**Your assignment:** From the line that contains "За счёт дизайна, тёркой" down to the last line of the entries, repeat every line exactly. Do not carry over the pictures.

**Exercise material:**
☆ ☆ ☆ ☆ ☆

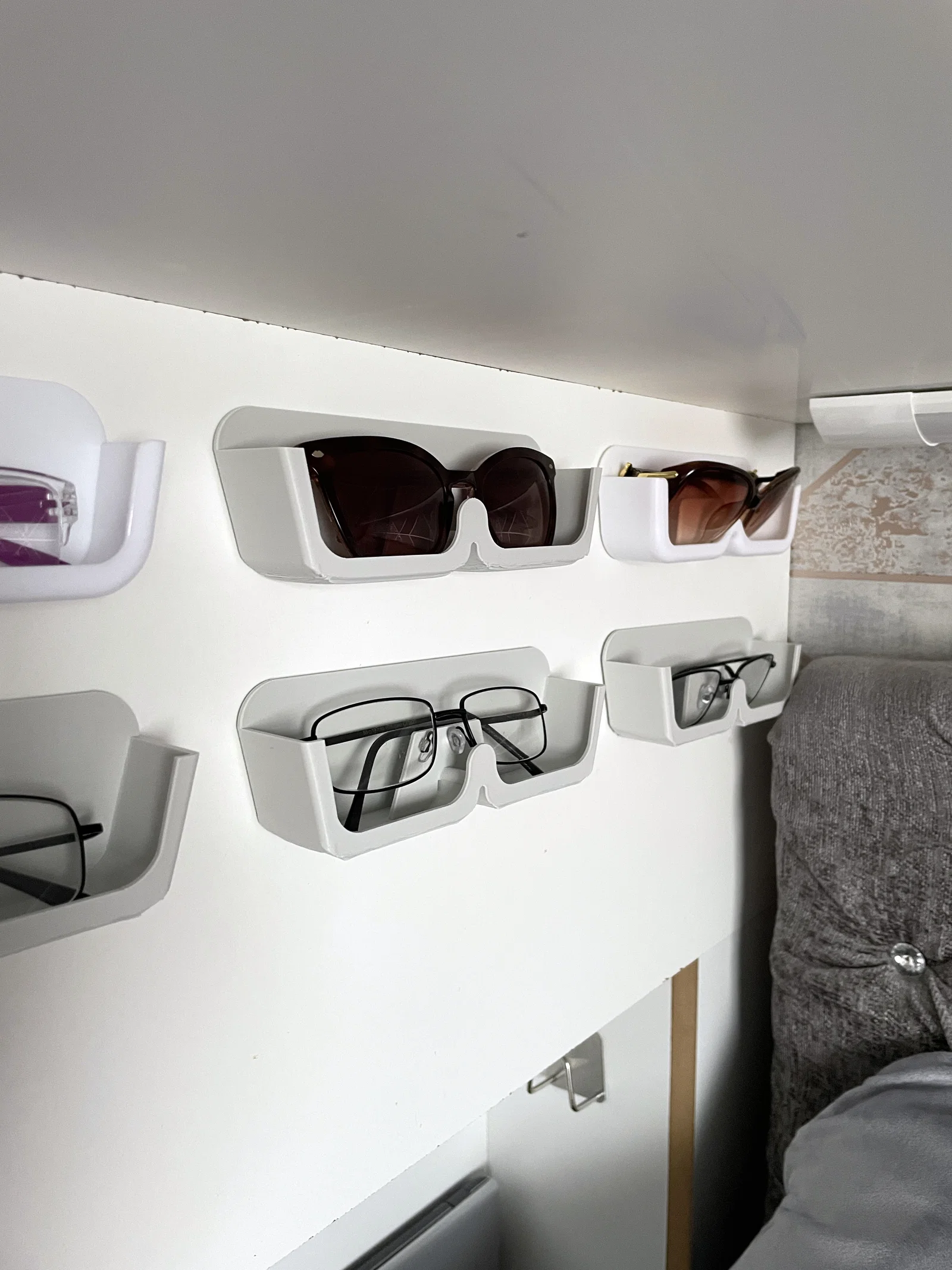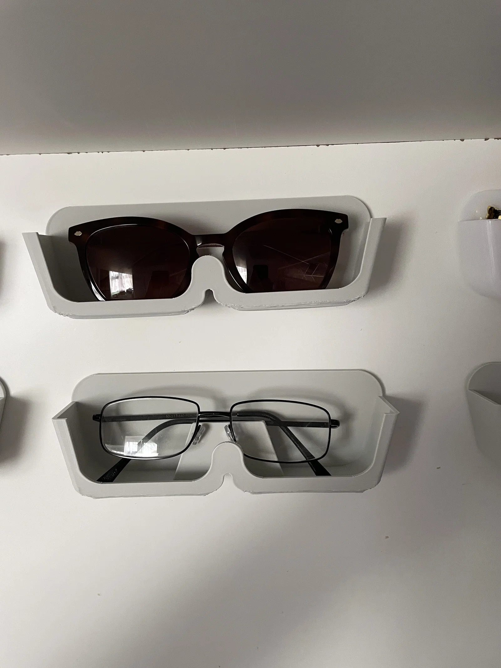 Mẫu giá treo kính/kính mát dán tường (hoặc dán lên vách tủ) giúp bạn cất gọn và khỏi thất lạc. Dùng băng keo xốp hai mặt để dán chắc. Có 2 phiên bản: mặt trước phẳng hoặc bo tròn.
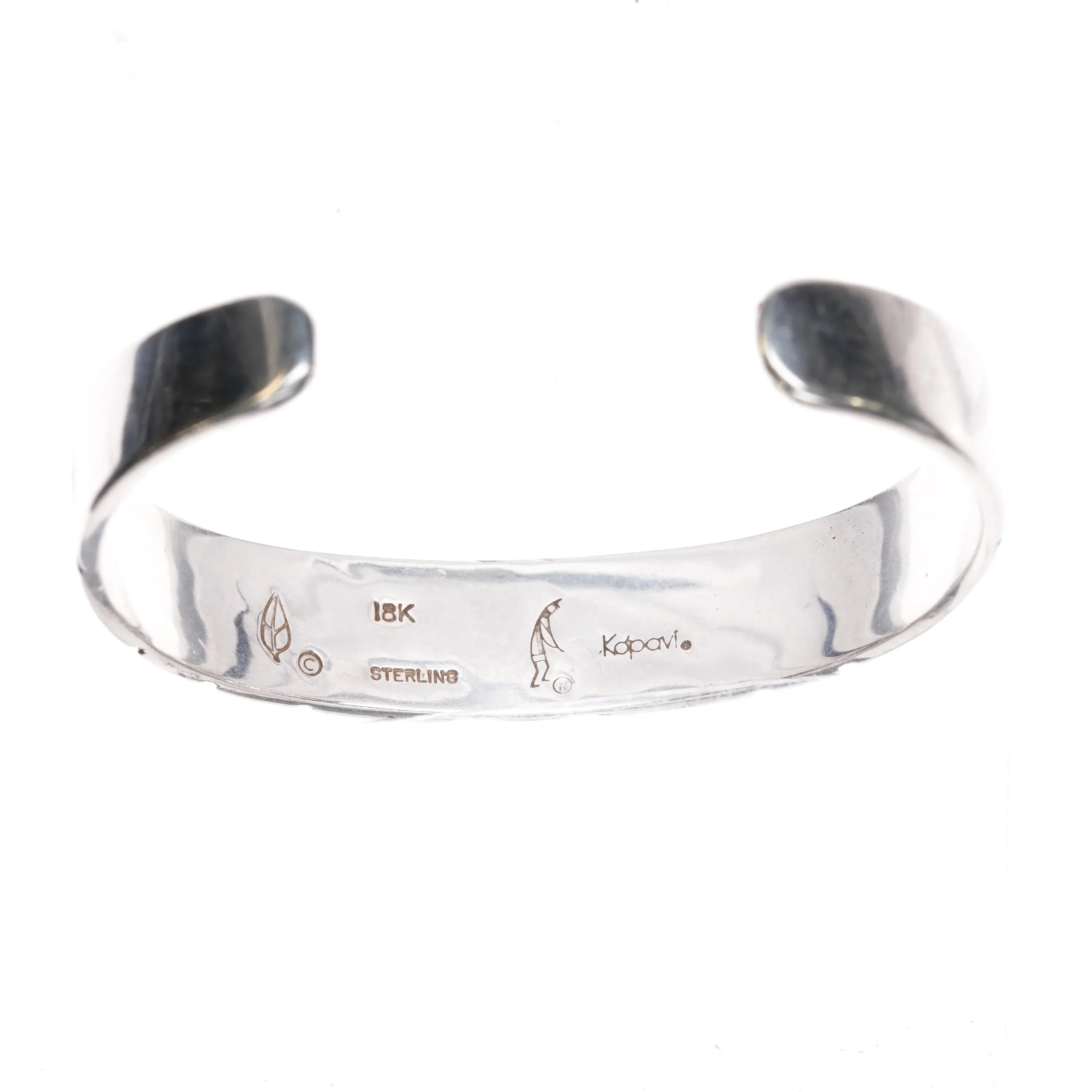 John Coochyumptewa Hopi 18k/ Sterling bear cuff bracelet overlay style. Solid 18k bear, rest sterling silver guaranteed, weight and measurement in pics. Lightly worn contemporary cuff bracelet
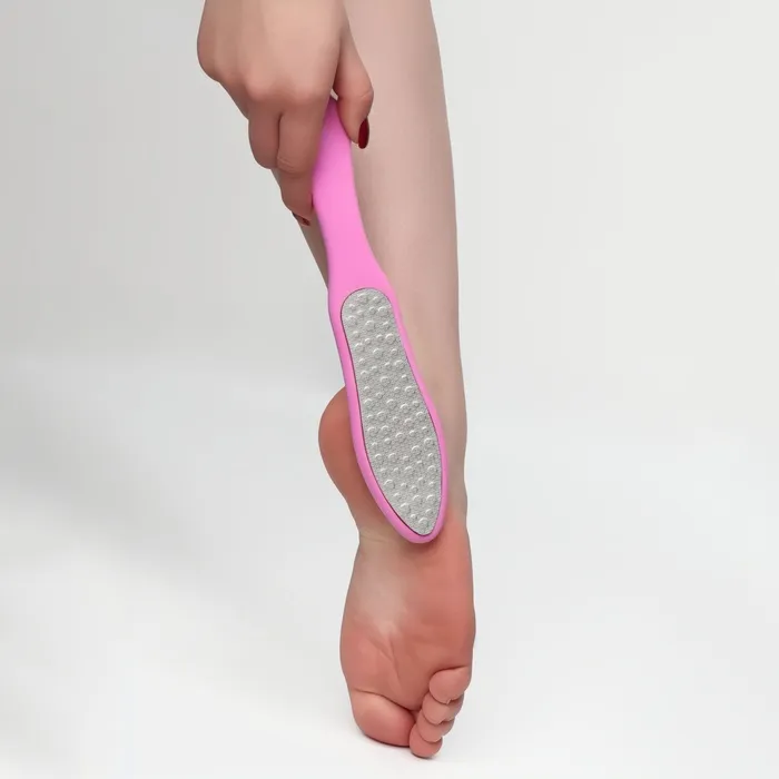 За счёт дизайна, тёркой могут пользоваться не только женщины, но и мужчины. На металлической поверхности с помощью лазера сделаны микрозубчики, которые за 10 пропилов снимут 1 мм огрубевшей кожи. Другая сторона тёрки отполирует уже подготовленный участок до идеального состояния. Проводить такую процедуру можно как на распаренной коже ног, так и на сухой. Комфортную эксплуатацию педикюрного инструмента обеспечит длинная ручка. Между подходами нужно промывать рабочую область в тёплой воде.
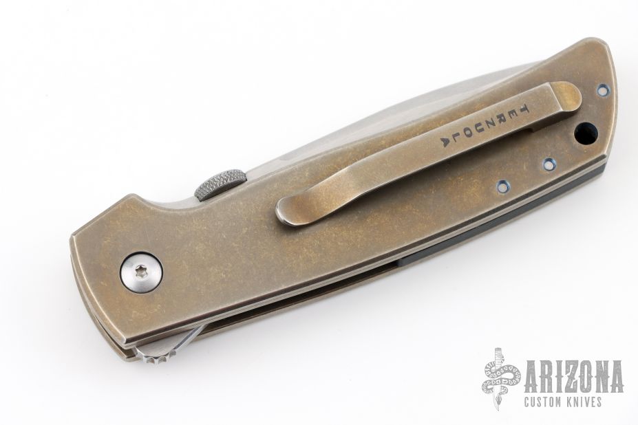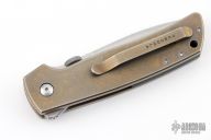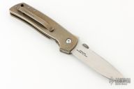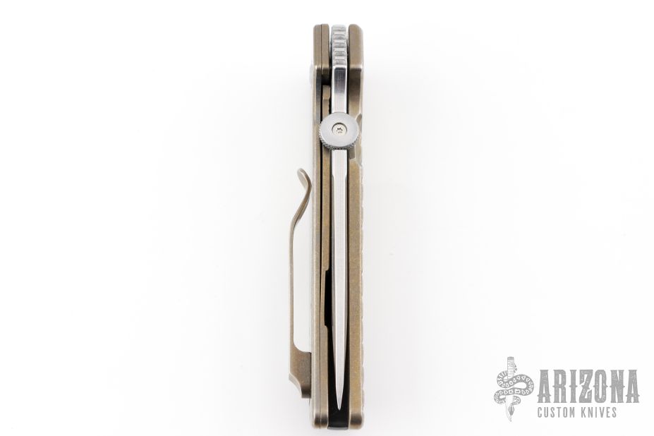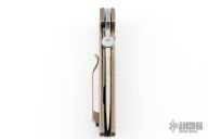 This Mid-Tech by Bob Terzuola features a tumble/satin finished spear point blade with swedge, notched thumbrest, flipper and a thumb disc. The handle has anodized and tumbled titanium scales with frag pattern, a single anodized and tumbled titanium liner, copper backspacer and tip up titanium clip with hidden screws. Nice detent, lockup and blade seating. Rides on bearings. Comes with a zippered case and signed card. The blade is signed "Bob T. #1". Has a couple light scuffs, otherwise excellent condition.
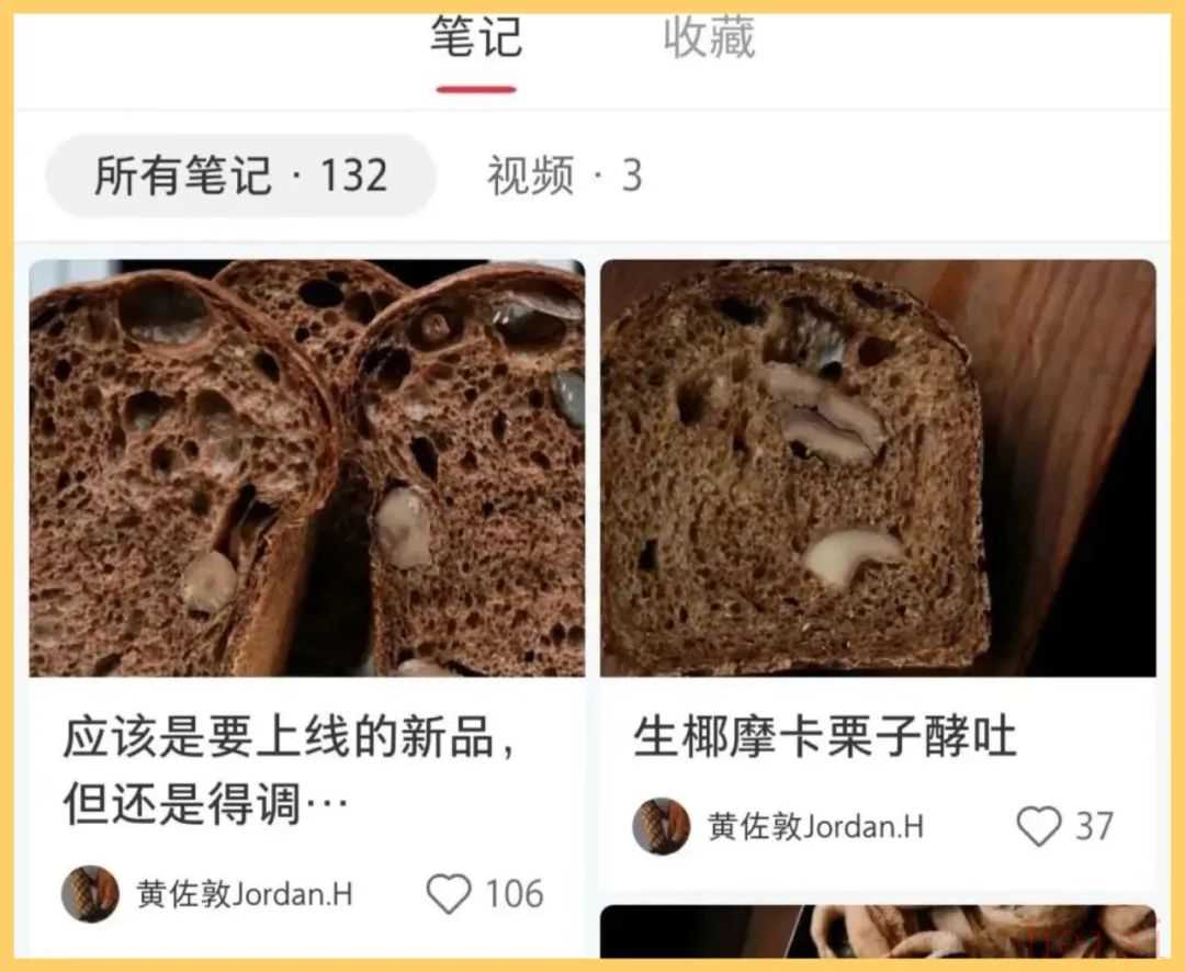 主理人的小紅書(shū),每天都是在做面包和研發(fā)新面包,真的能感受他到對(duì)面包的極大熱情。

☆ ☆ ☆ ☆ ☆

**Response to the task:**
 За счёт дизайна, тёркой могут пользоваться не только женщины, но и мужчины. На металлической поверхности с помощью лазера сделаны микрозубчики, которые за 10 пропилов снимут 1 мм огрубевшей кожи. Другая сторона тёрки отполирует уже подготовленный участок до идеального состояния. Проводить такую процедуру можно как на распаренной коже ног, так и на сухой. Комфортную эксплуатацию педикюрного инструмента обеспечит длинная ручка. Между подходами нужно промывать рабочую область в тёплой воде.
 This Mid-Tech by Bob Terzuola features a tumble/satin finished spear point blade with swedge, notched thumbrest, flipper and a thumb disc. The handle has anodized and tumbled titanium scales with frag pattern, a single anodized and tumbled titanium liner, copper backspacer and tip up titanium clip with hidden screws. Nice detent, lockup and blade seating. Rides on bearings. Comes with a zippered case and signed card. The blade is signed "Bob T. #1". Has a couple light scuffs, otherwise excellent condition.
 主理人的小紅書(shū),每天都是在做面包和研發(fā)新面包,真的能感受他到對(duì)面包的極大熱情。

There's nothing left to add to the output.